Добавить в цитаты Настройки чтения

Страница 10 из 11



Сеньор Жан, как мы могли заметить, был самым большим грубияном на десять льё в округе, но он не был жестоким человеком, и ему тяжело было слышать все усиливающиеся стоны преступника.

Все же он решил довести наказание до конца — очень уж дерзкими стали браконьеры во владениях его высочества.

Но сам он не хотел при этом присутствовать и, желая удалиться, повернул коня.

В это время из леса выбежала девушка, упала рядом с конем на колени и, подняв на сеньора Жана большие глаза, полные слез, попросила:

— Монсеньер, во имя милосердного Господа, пощадите этого человека!

Сеньор Жан взглянул на девушку.

Это было совершенно очаровательное дитя, едва достигшее шестнадцати лет: тоненькая стройная девочка, с бело-розовым лицом, большими кроткими голубыми глазами и такими пышными светлыми волосами, что полотняный чепчик не мог их сдержать и они волнами выбивались из-под него со всех сторон.

Хотя прекрасная просительница была одета более чем скромно, сеньор Жан разглядел ее красоту и, так как был неравнодушен к хорошеньким личикам, ответил улыбкой на красноречивый взгляд прелестной крестьянки.

Но поскольку он смотрел, не отвечая ей, а удары тем временем продолжали сыпаться, она взмолилась еще жалобнее:

— Сжальтесь во имя Неба, монсеньер! Скажите вашим людям, чтобы они отпустили этого несчастного: его крики разрывают мне сердце!

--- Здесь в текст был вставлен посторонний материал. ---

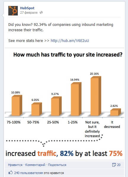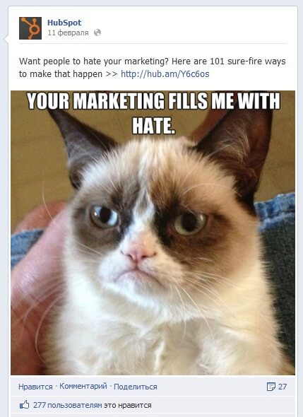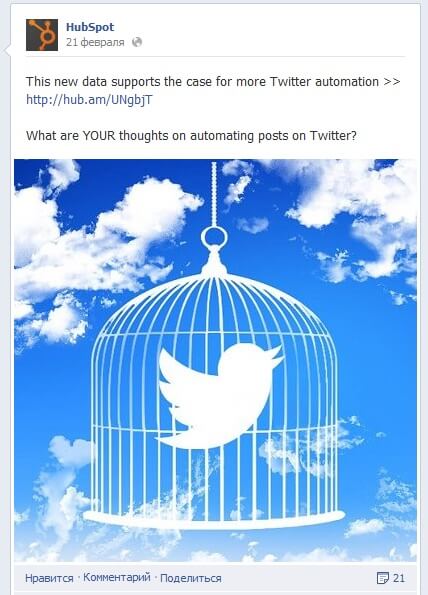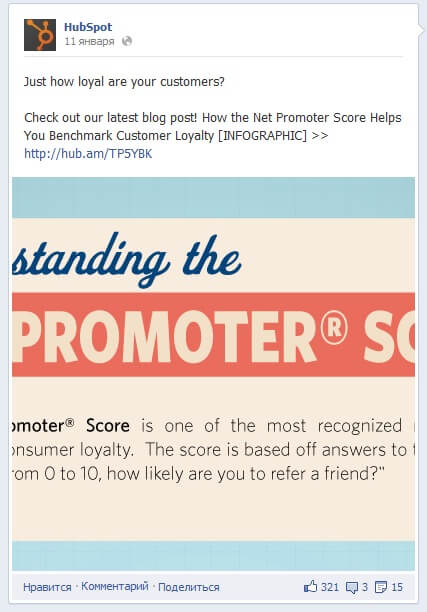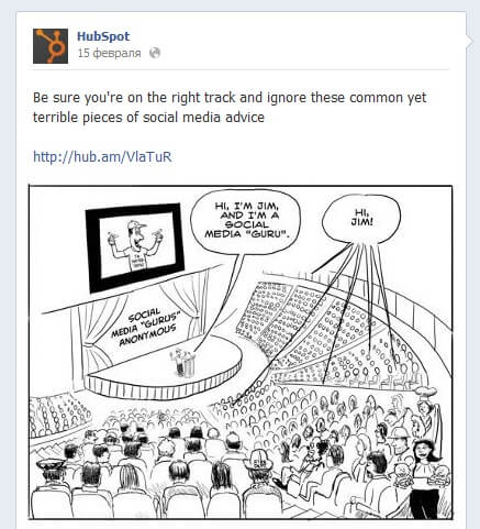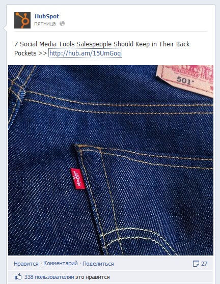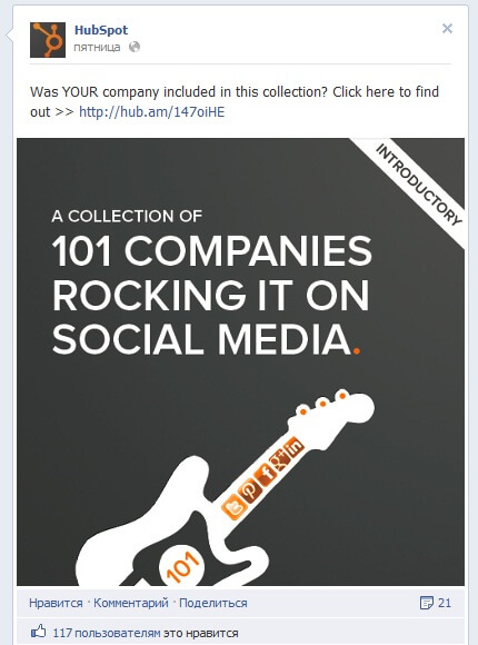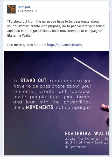 По словам Бриттани Лининг (Brittany Leaning), SMM-специалиста HubSpot, в прошлом году компания решила размещать больше изображений в социальных сетях, так как пользователи охотнее делятся картинками. Сейчас 75% постов компании – это изображения, которые сопровождаются короткими ссылками, ведущими на сайт.

— Тысяча возов зеленых чертей! — ответил начальник волчьей охоты. — Ты так беспокоишься об этом дураке, прелестное мое дитя! Это что твой брат?

— Нет, монсеньер.

— Родственник?

— Нет, монсеньер.

— Твой дружок?

— Дружок! Монсеньер шутит!

— Почему же? Признаюсь, моя прелесть, в этом случае я позавидовал бы ему.

Девушка опустила глаза.

— Я его не знаю, монсеньер, и вижу его в первый раз.

— Не говоря уж о том, что она видит его вывернутым наизнанку, — вмешался Ангулеван, сочтя момент подходящим для дурной шутки.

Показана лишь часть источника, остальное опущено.